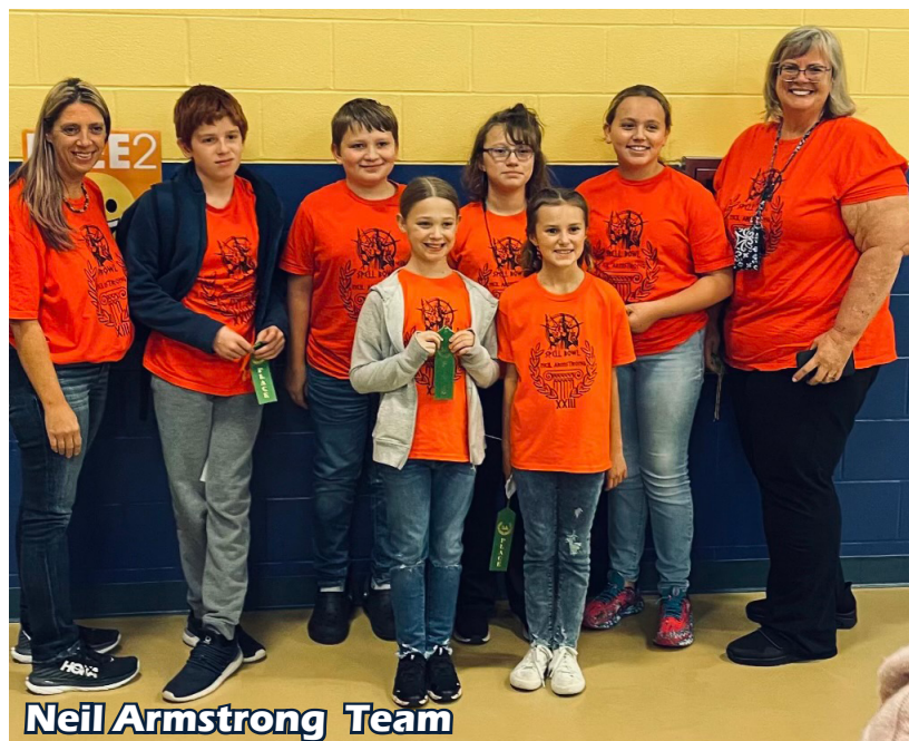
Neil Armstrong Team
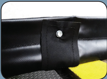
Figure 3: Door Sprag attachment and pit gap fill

# # #

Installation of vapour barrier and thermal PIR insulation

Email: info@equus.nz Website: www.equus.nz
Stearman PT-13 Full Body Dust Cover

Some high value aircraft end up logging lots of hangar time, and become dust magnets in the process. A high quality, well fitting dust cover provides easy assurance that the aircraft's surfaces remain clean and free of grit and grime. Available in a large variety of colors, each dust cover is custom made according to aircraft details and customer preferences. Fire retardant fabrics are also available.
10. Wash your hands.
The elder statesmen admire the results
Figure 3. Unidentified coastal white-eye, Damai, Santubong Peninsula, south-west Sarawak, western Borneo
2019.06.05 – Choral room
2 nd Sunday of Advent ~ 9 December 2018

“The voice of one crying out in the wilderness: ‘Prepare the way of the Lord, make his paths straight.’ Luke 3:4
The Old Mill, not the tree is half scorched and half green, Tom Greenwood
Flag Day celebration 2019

# # #

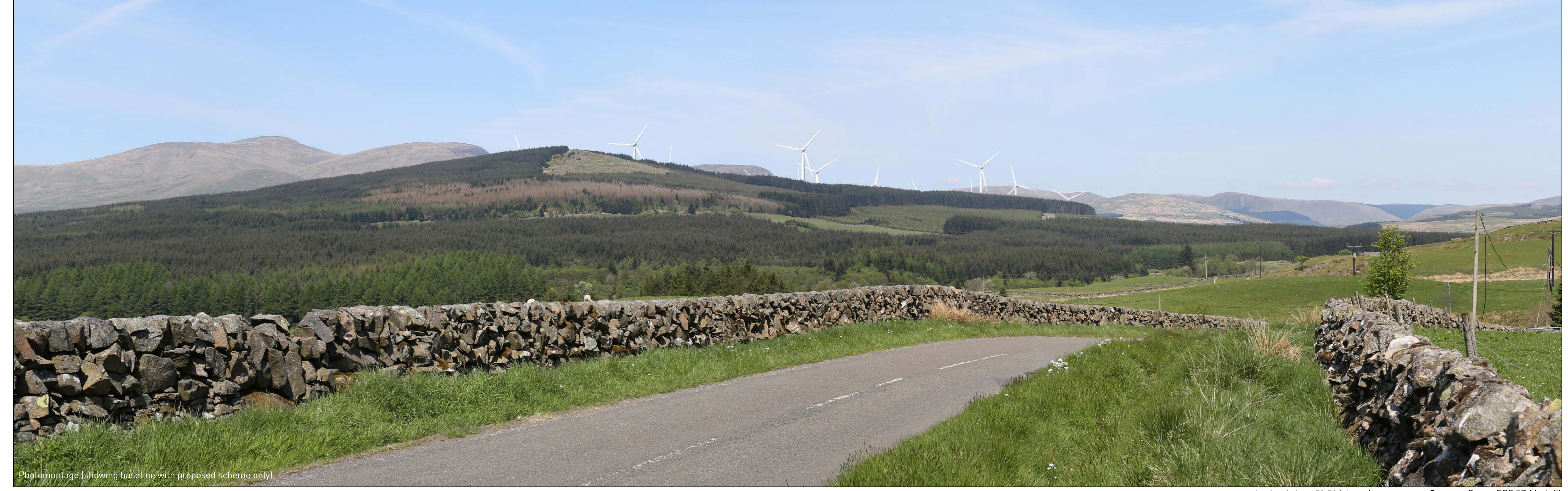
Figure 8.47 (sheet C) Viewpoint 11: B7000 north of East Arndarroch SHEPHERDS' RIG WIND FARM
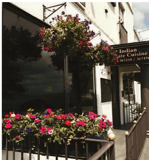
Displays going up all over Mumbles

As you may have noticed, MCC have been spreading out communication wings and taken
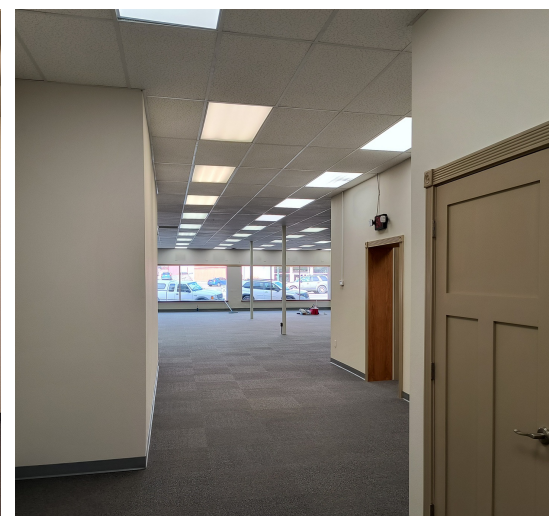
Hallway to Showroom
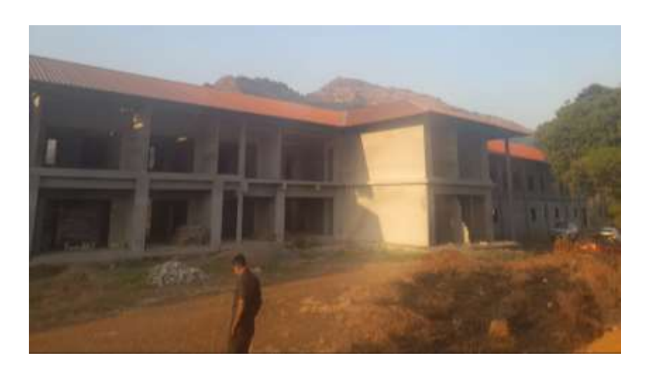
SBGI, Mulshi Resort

# # #

Activity> Starting at the line with "Figure 8.47 (sheet" and finishing at the line with "SBGI, Mulshi Resort", copy the material above exactly, both lines included. Nothing else goes in, and no pictures.

Solution to the problem>
Figure 8.47 (sheet C) Viewpoint 11: B7000 north of East Arndarroch SHEPHERDS' RIG WIND FARM
Displays going up all over Mumbles

As you may have noticed, MCC have been spreading out communication wings and taken
Hallway to Showroom
SBGI, Mulshi Resort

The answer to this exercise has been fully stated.